У меня внутри все переворачивается. Привычный мир, в котором папа был идеальным мужем и моим героем, рушится, как карточный домик. А моя мама пережила тоже, что и я. Или это я повторяю сейчас ее судьбу.
— Он ушел, но ты все-таки приняла его обратно. Получается, простила?
Мы с мамой все еще на кухне. Она стоит, опершись бедрами о столешницу, а я — напротив нее. Ничего из того, что она рассказывает я не помню. То ли из-за возраста, то ли мозг просто вытеснил неприятные воспоминания.
— Получается, так, — горько усмехается мама. — Аде было почти восемь, но она будто все понимала и ни о чем не спрашивала — до сих пор же закрытая. А ты — нет. Ты плакала целыми днями и спрашивала, где папа и когда он придет. Я же была настолько зла и обижена на него, что не подпускала к вам. А перед Новым годом ты сильно заболела пневмонией и мы с тобой легли в больницу. Аду забрала бабушка. Нужны были какие-то новые антибиотики, которые вроде как продавались, но достать невозможно, потому что очень дорогие. И тогда Риана с моего разрешения рассказала обо всем твоему отцу. Примчался сразу же, — шмыгает она носом, берет рулон кухонного полотенца, чуть отматывает и вырывает один лист. Сложив его в несколько раз, протирает уголки глаз и щеки. — Поговорил с заведующим, чтобы его впустили в палату. Ты как раз под капельницей лежала: маленькая, худющая, бледная. Сильно плакала и уснула вот так — с иглой в вене. А он тебя увидел и побелел. Антибиотики он потом привез на целое отделение. И с заведующим подружился, стал помогать больнице Тогда же везде всего не хватало. Лекарств тем более. Еще и рубли на тенге заменили, вокруг неразбериха сплошная.

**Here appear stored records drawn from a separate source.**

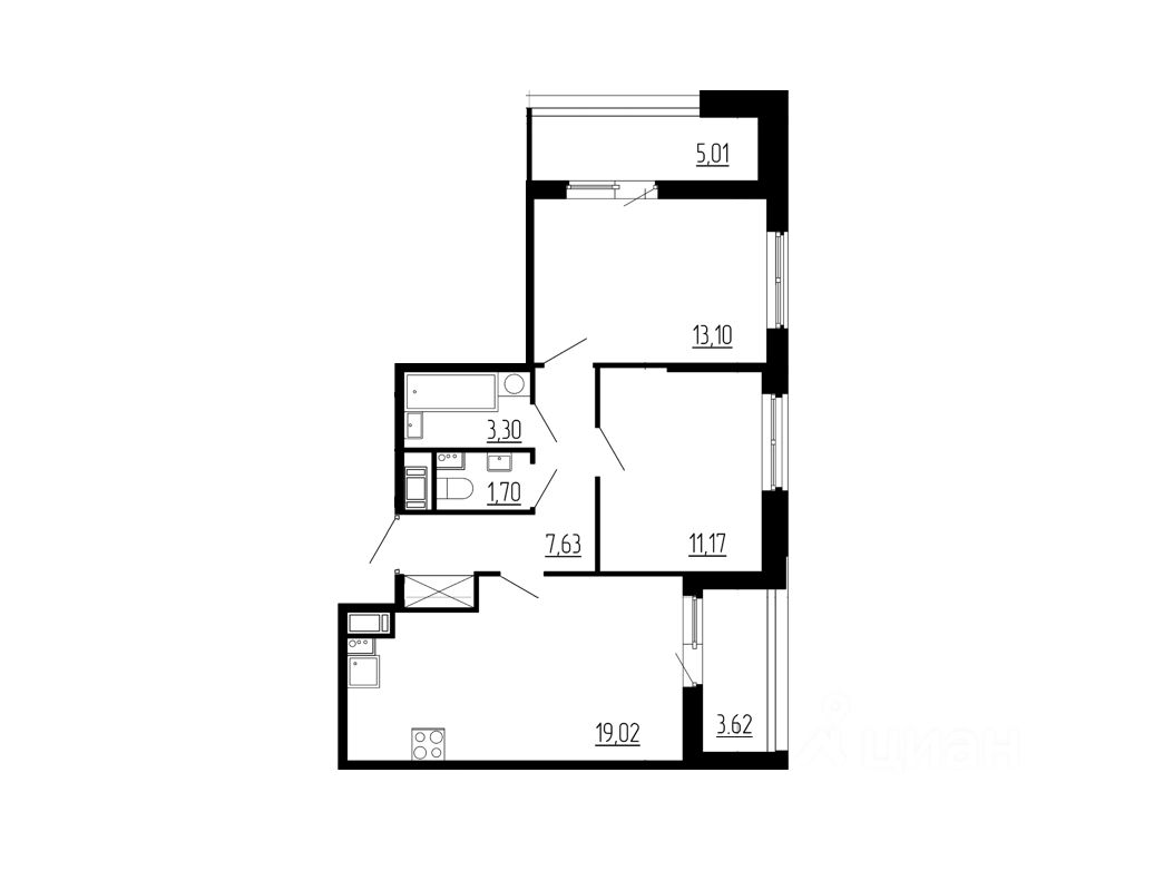 Продается стильная ВИДОВАЯ двухкомнатная квартира в новом доме 2024 года постройки по адресу: Санкт-Петербург, Светлановский проспект, 14к1. Общая площадь квартиры составляет 60,24 кв. м, из которых 24,27 кв. м — жилая площадь и просторная кухня размером 19,02 кв. м. Квартира расположена на 11 этаже 12-этажного монолитно-кирпичного дома, что открывает вид во двор и обеспечивает тишину и уют.
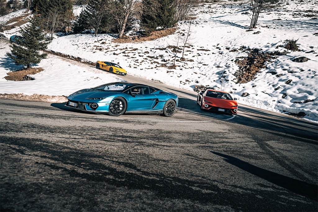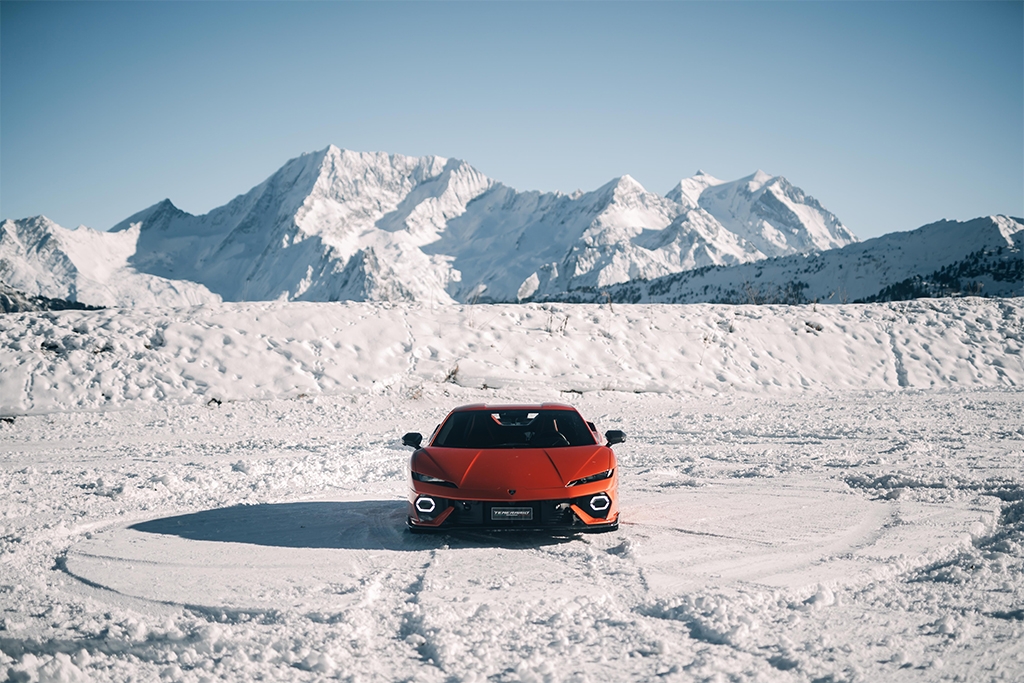 The route through Les Trois Vallees was designed to express the full dynamic spectrum of the Temerario: Flowing mountain passes, technical switchbacks, and high-altitude straights offering a clear sense of the model’s agility, usability, and elevated driving precision. The journey continued on a dedicated ice track, where participants experienced drifting sessions led by Lamborghini's professional drivers.
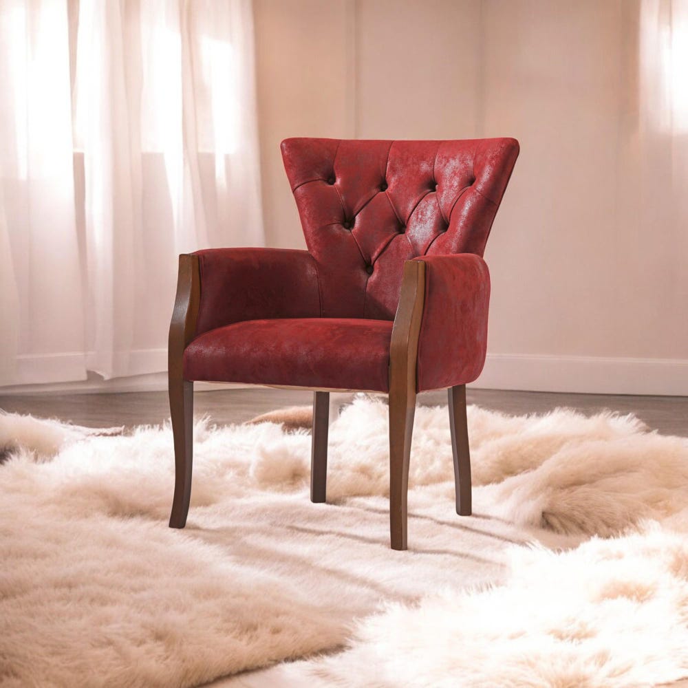 Walnut Lounge Chair with Cozy Sherpa Cushion, Solid Wood Customized Bergere Accent Chair for Living Room & Workspace
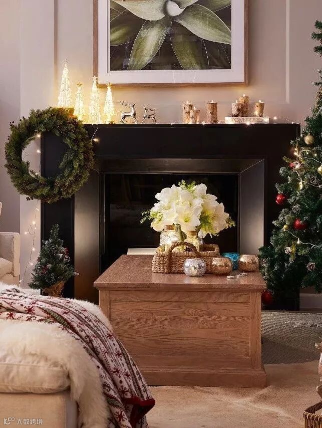 暖色系壁画与温暖的烛光交相辉映,为家打造出温暖气氛,多色彩球、缎带、缀饰等,装饰绿色植物,谱写圣诞的美妙旋律。
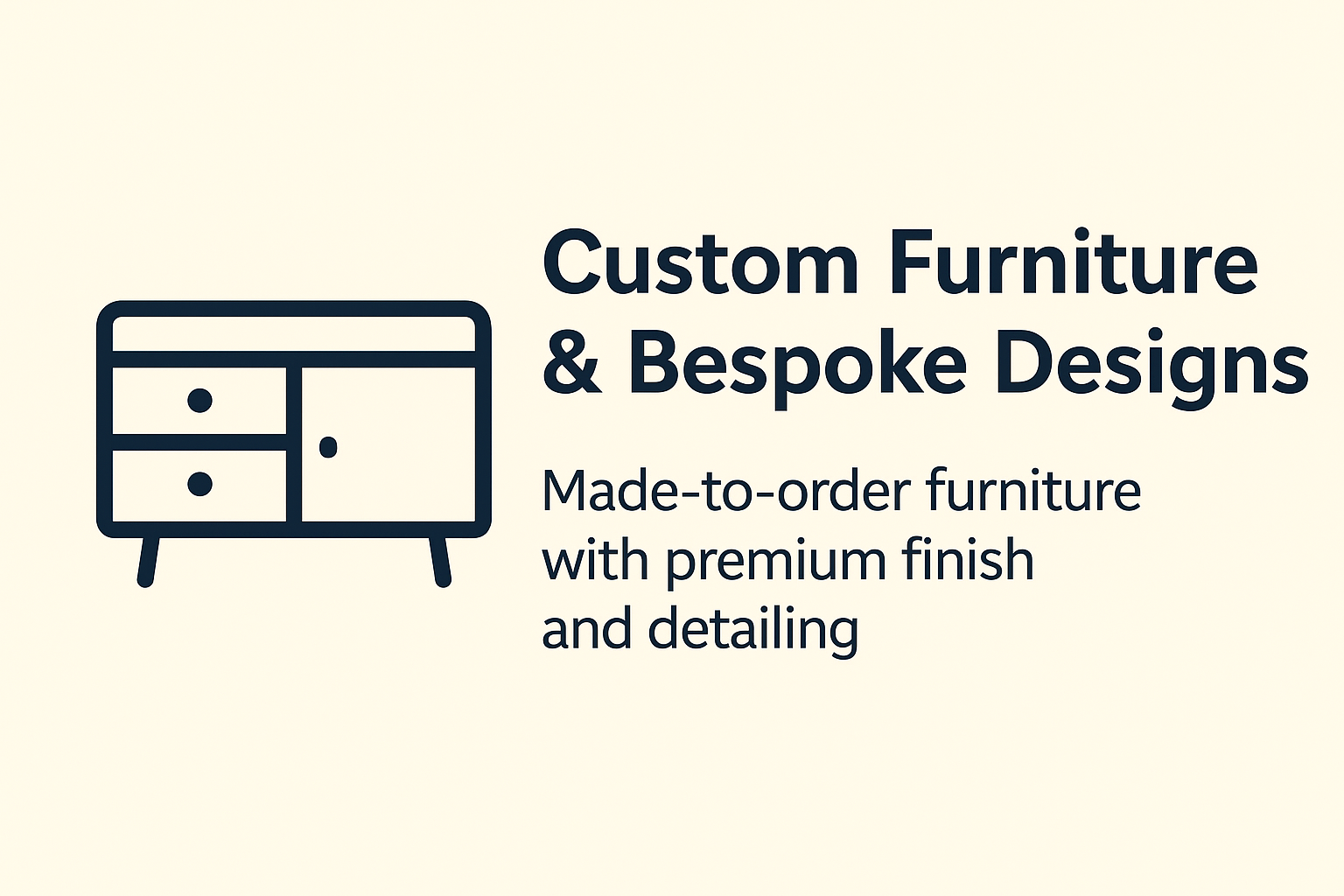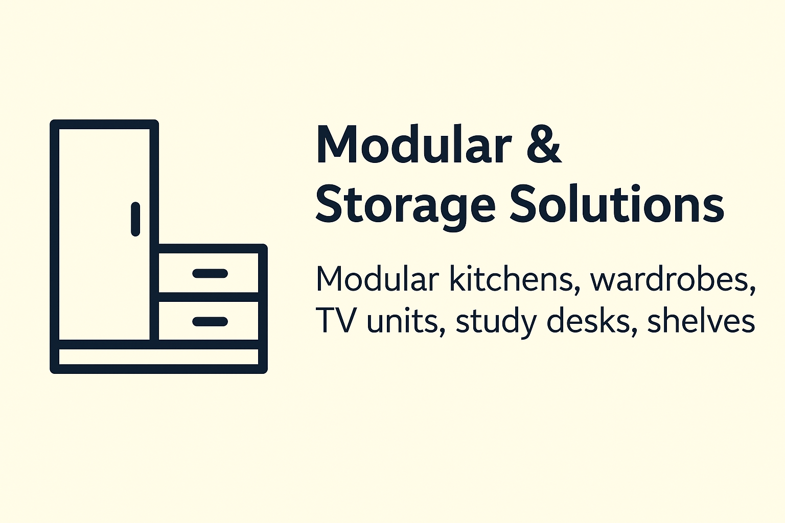 Custom wardrobes, kitchens, dining & study furniture. Local craftsmen with Ladli Construction guarantee — measurements, design and installation.
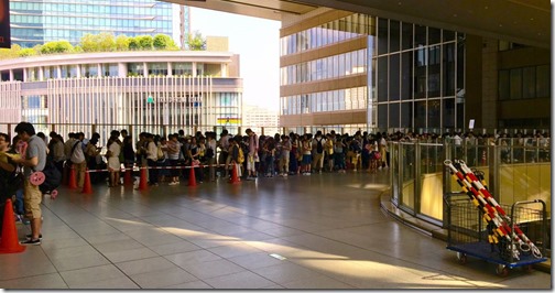 As we mentioned in earlier posts, a Kirby-themed café has recently opened in Osaka, Japan. Inside, customers can find an array of treats and merchandise all based on the Kirby series. A batch of new photos have surfaced online from various fans, giving us an even better look inside the Kirby Café and all the goodies it has to offer. First off, we get a look at the huge line of customers drawn in by the café’s opening.

— Это ты про Александра Михайловича сейчас рассказываешь? — переспрашиваю маму, вспомнив, что папа дружил с врачом детской больницы. Он даже бывал у нас в гостях несколько раз, но эту историю никогда не рассказывал. По легенде — это я теперь понимаю — я лежала в пневмонией и он меня лечил. Так и познакомились.
— Да, про него. Дядя Саша. Устроил нам потом очную ставку в своем кабинете, пока за тобой соседка по палате присматривала. А папа твой умолял принять его обратно, твердил, что у него с этой…нет больше ничего.
— И ты простила, — опускаю голову, пряча от мамы свои слезы.
— Не сразу, — судорожно вздохнув, отзывается она. — Вы маленькие, мама пенсионерка, я испугалась, что если что-нибудь еще случится, то не справлюсь одна. Можешь считать меня слабой.
— Ты ради нас его приняла обратно несмотря на предательство? — болючий ком скребет горло. Я обожала своего отца, который подарил мне только свою любовь и заботу, но и сделал из меня человека. Он дал мне прекрасное образование, инвестировал в музыкальную школу, помог ее открыть и удержать на плаву. Папа был для моим идолом. А теперь я узнаю, что мой любимый отец обманывал маму. От этого мерзко и тошно.
— Помимо этого я все еще его любила. Поэтому долгое время было больно. Когда смотрела на него, вспоминала про измену. С годами это все рассеялось, рана зарубцевалась. Он обещал, что больше не предаст и сдержал слово. Хочется верить.
— Я-то думала….как повезло нам, что наш папа верный, семьянин, — хмыкаю, смахнув слезу с щеки. — Всегда говорил: “как мама скажет”, “спроси у мамы”, “мама лучше знает”. Мы еще шутили, что папа большой начальник только на работе.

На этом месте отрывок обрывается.